More than 2,750 athletes and coaches from 80 nations came to Anchorage for the Special Olympics World Winter Games, the biggest global sporting event in the state’s history.

People showed up in huge numbers to watch the competition. Speedskating fans were turned away at the packed McDonald Center, and the Tesoro Sports Center drew 4,500 to 5,000 spectators a day for figure skating, twice the number expected. More than 6,000 people worked as volunteers, and when the Games ended, many of them said they got more than they
gave.

The local organizing committee raised $17 million to stage the Games, which left the city with about $4 million in capital improvements at places like Kincaid, Alyeska and Hilltop. $21.8 million was added to the local economy.
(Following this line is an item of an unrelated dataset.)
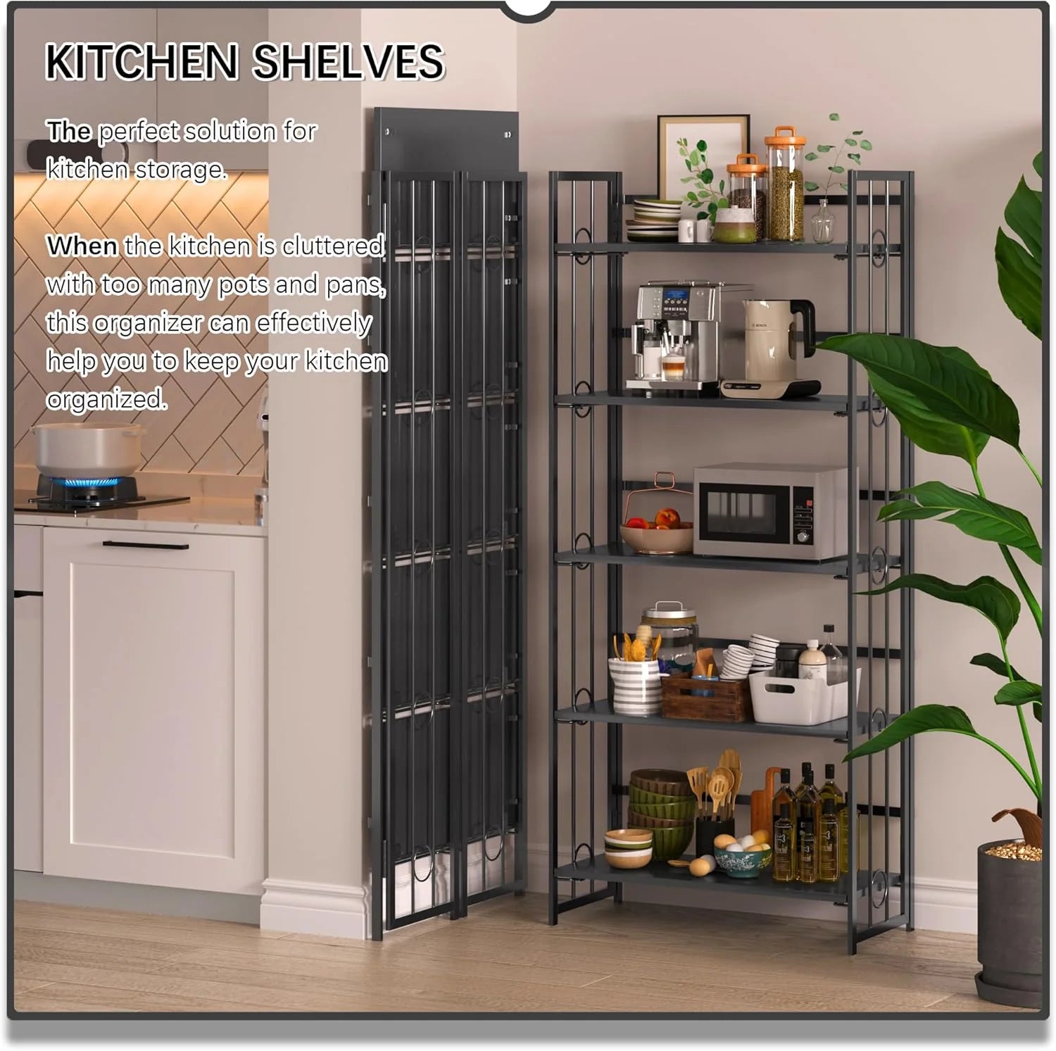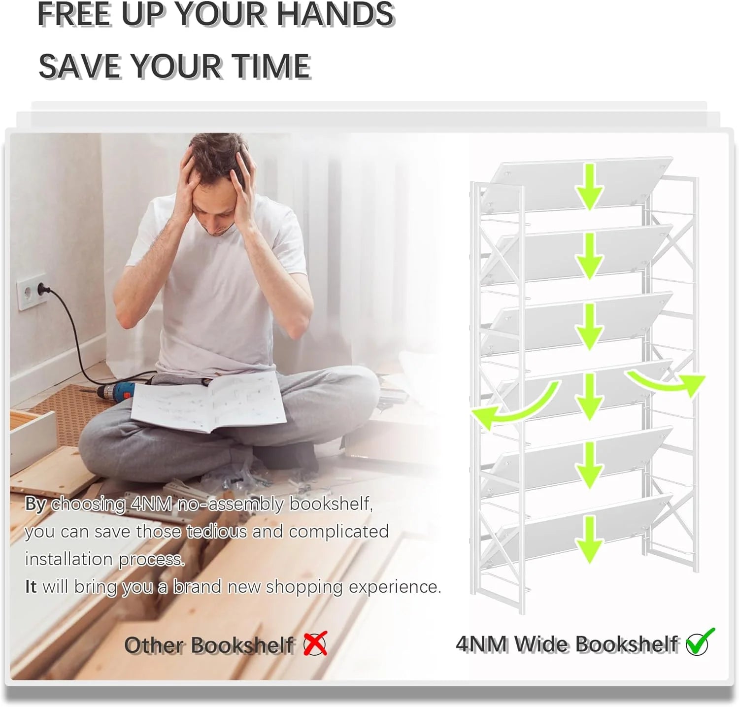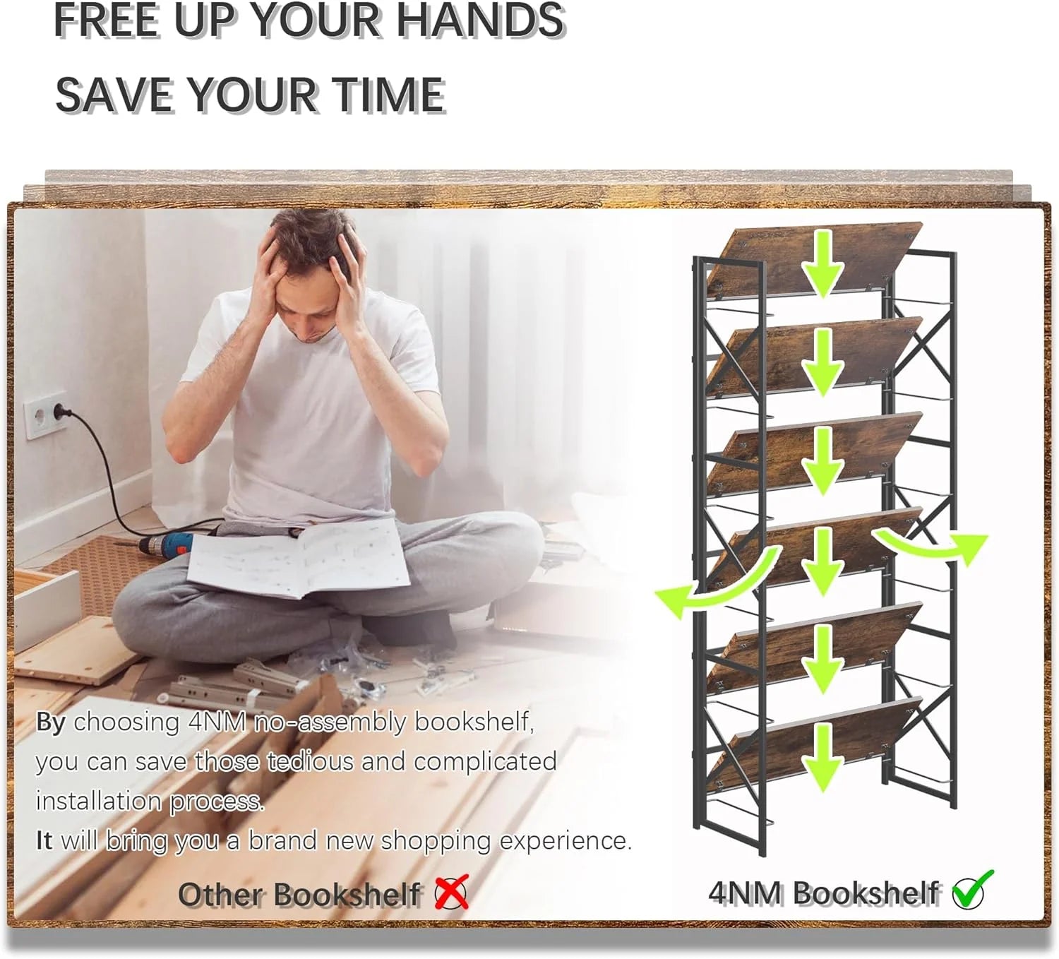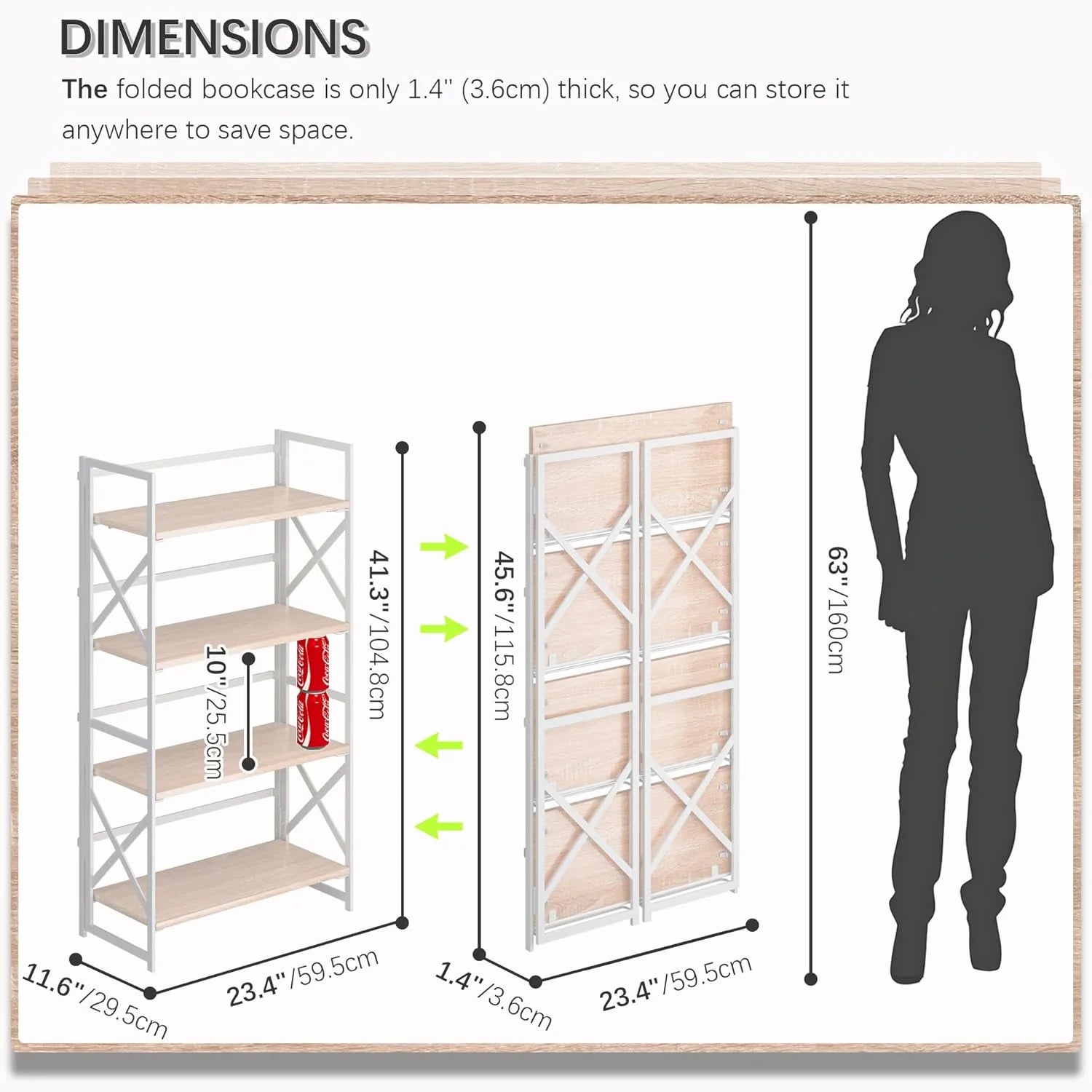 5 Tiers No Assembly Book Shelves 51.2" H Folding Bookshelf Bookcase
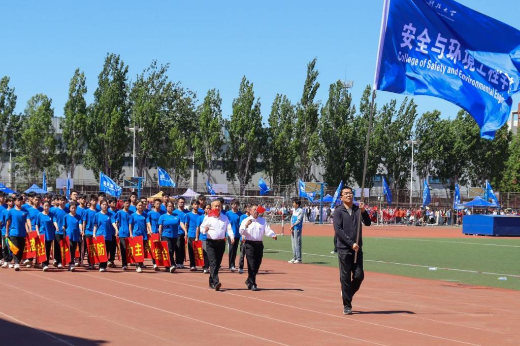 开幕式上,伴随着旋律激昂的《运动员进行曲》,安全学院方队迈着整齐有力的步伐昂首阔步走过主席台。“安达天下,环系山水”,这是安全学子的人生态度;“安全第一,智慧环境,职业健康”,这是安全学子的铮铮誓言。 他们目光坚定、口号嘹亮,尽展蓬勃向上的风貌和斗志昂扬的精神,成为运动场上一道亮眼的风景线。

Less quantifiable was the lingering impression left by the athletes.

‘’If our goals were to change attitudes for a generation,” one organizer said, “then we’ve succeeded.”

During the 2001 Special Olympics World Winter Games in Anchorage, Alaska, a U.S. Senate field hearing on the health status of people with developmental disabilities was held. This hearing, which culminated in a landmark report issued by the U.S. Surgeon, General, was a “wake up call” to improve the quality of health care for people with intellectual developmental disabilities.

“To the people of Alaska, you have created the best winter Games in the history of Special Olympics,” Eunice Kennedy Shriver, the founder of the Special Olympics movement, told the audience at the farewell ceremony. “This week here in beautiful Alaska, we have seen the best in sports, the best in volunteers, the best in families, and the best in sponsors,” she said. “You are the best athletes in the world. Congratulations.”